• [SUPPLIED RECORDS]
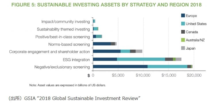 これを分類したGSIA(Global Sustainable Investment Alliance)によると、下記図表4のとおり、世界のESG投資資産額の最大はネガティブスクリーニング、ついでESGインテグレーションが多い。
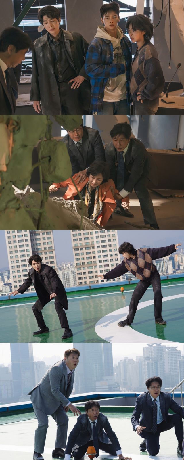 공개된 최종회 스틸컷에서 ‘무진스’ 3인방은 분진을 뒤집어쓴 채 충격적인 광경을 바라보고 있다. 콘크리트는 바스러지고 내부 철근이 듬성듬성 보이는, ‘순살’이 되어버린 빌딩은 금방이라도 무너질 듯 아슬아슬 긴장감을 자아낸다. 그 와중에 부상을 입은 문정은 의원과 혼란을 맞은 사람들의 모습이 눈길을 끈다. 대피한 옥상에서도 부실공사의 여파는 계속돼, 과연 흔들리는 건물에서 그들이 살아남을 수 있을지 최종회에 관심이 집중된다.
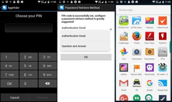 Una volta impostato il tuo PIN (e confermato il tuo indirizzo email ai fini di recupero del codice), torna sulla home screen di Android, apri la lista delle app installate sul dispositivo e dovresti notare che quelle che hai segnato in AppHider sono “scomparse”.
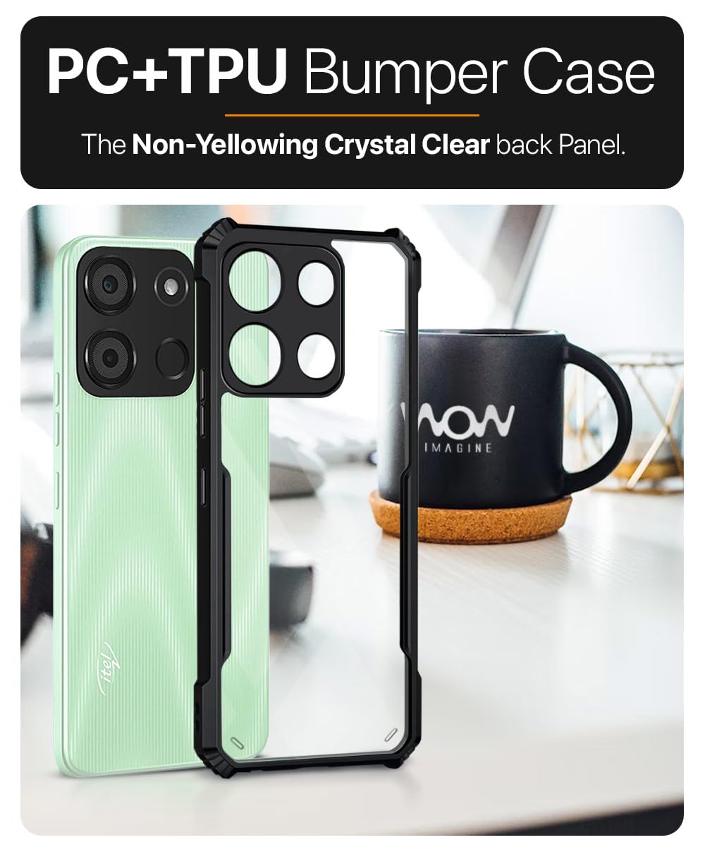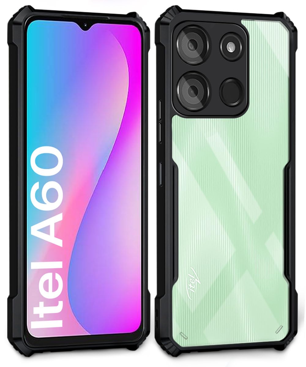 Shock Proof Clear Protective Back Case for Itel A60 – AirEDGE Technology | 360 Degree Camera Protection | Transparent Hybrid Back Case Mobile Cover – Black
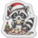 A charming racoon dressed in a Santa hat delights in munching on cookies, surrounded by a vibrant plate of treats and a cheerful Christmas tree. The festive atmosphere radiates holiday joy and a sense of playful celebration.
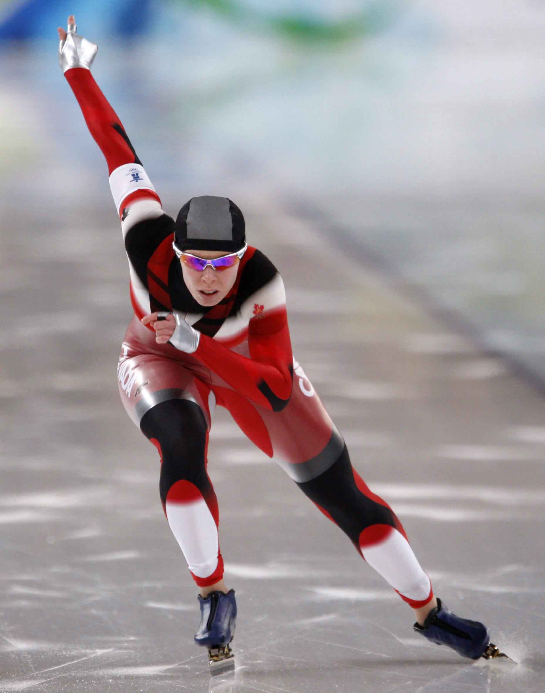 Canadian speed skater Clara Hughes races to bronze in the women’s 5000m event at the XXI Olympic Winter Games in Richmond, B.C., Wednesday Feb. 24, 2010. THE CANADIAN PRESS/Adrian Wyld
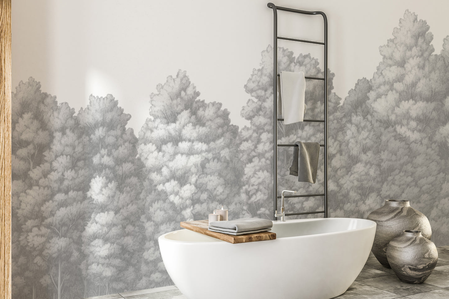 Neutral grey forest wallpaper with trees
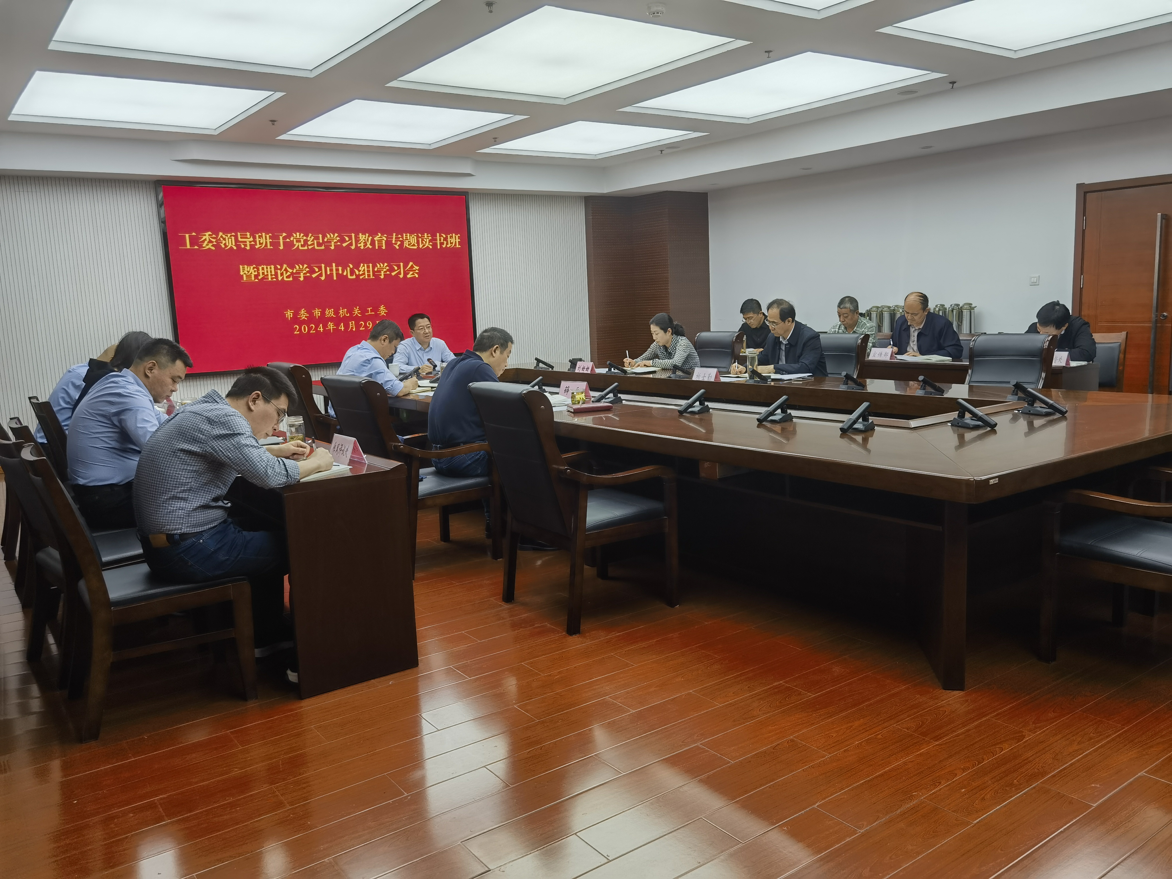 4月29日,市委市级机关工委领导班子举行党纪学习教育专题读书班暨理论学习中心组学习会,深入学习贯彻习近平总书记关于加强党的纪律建设的重要论述,原原本本、逐章逐条学习新修订的《中国共产党纪律处分条例》,进一步增强政治定力、纪律定力、道德定力、抵腐定力。
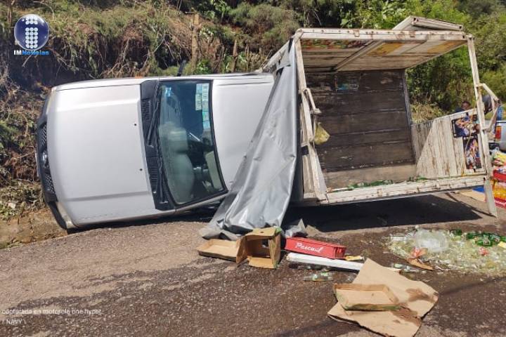 Una camioneta se volcó sobre la carretera Zitácuaro-Morelia, situación que generó la movilizac...
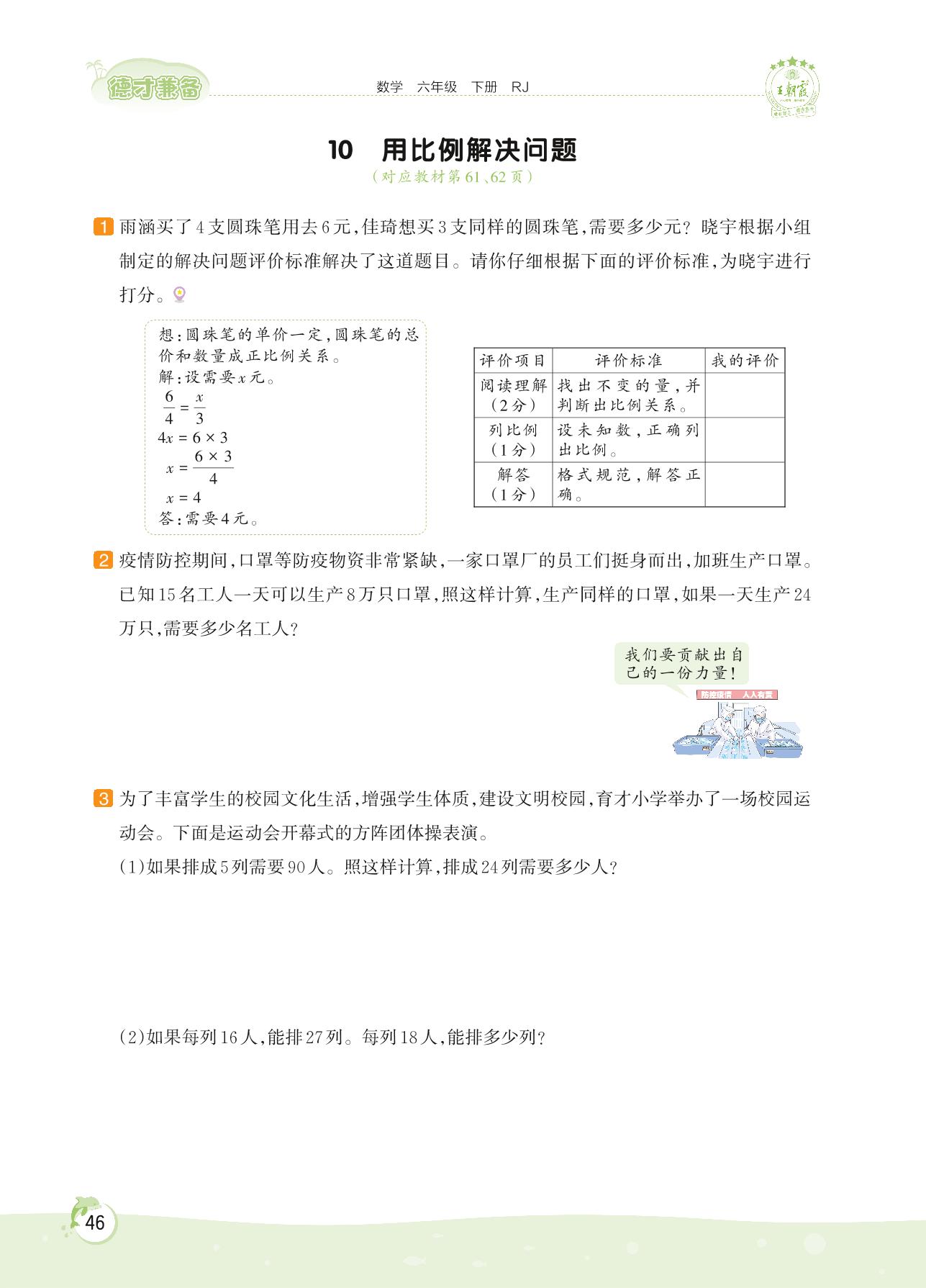 2022下册六年级数学人教版 第四单元 比例——10 用比例解决问题

• [EXERCISE GOAL] Could the material above be given again exactly, pictures excluded?

• [OUTPUT FOR THIS EXERCISE]
 これを分類したGSIA(Global Sustainable Investment Alliance)によると、下記図表4のとおり、世界のESG投資資産額の最大はネガティブスクリーニング、ついでESGインテグレーションが多い。
 공개된 최종회 스틸컷에서 ‘무진스’ 3인방은 분진을 뒤집어쓴 채 충격적인 광경을 바라보고 있다. 콘크리트는 바스러지고 내부 철근이 듬성듬성 보이는, ‘순살’이 되어버린 빌딩은 금방이라도 무너질 듯 아슬아슬 긴장감을 자아낸다. 그 와중에 부상을 입은 문정은 의원과 혼란을 맞은 사람들의 모습이 눈길을 끈다. 대피한 옥상에서도 부실공사의 여파는 계속돼, 과연 흔들리는 건물에서 그들이 살아남을 수 있을지 최종회에 관심이 집중된다.
 Una volta impostato il tuo PIN (e confermato il tuo indirizzo email ai fini di recupero del codice), torna sulla home screen di Android, apri la lista delle app installate sul dispositivo e dovresti notare che quelle che hai segnato in AppHider sono “scomparse”.
 Shock Proof Clear Protective Back Case for Itel A60 – AirEDGE Technology | 360 Degree Camera Protection | Transparent Hybrid Back Case Mobile Cover – Black
 A charming racoon dressed in a Santa hat delights in munching on cookies, surrounded by a vibrant plate of treats and a cheerful Christmas tree. The festive atmosphere radiates holiday joy and a sense of playful celebration.
 Canadian speed skater Clara Hughes races to bronze in the women’s 5000m event at the XXI Olympic Winter Games in Richmond, B.C., Wednesday Feb. 24, 2010. THE CANADIAN PRESS/Adrian Wyld
 Neutral grey forest wallpaper with trees
 4月29日,市委市级机关工委领导班子举行党纪学习教育专题读书班暨理论学习中心组学习会,深入学习贯彻习近平总书记关于加强党的纪律建设的重要论述,原原本本、逐章逐条学习新修订的《中国共产党纪律处分条例》,进一步增强政治定力、纪律定力、道德定力、抵腐定力。
 Una camioneta se volcó sobre la carretera Zitácuaro-Morelia, situación que generó la movilizac...
 2022下册六年级数学人教版 第四单元 比例——10 用比例解决问题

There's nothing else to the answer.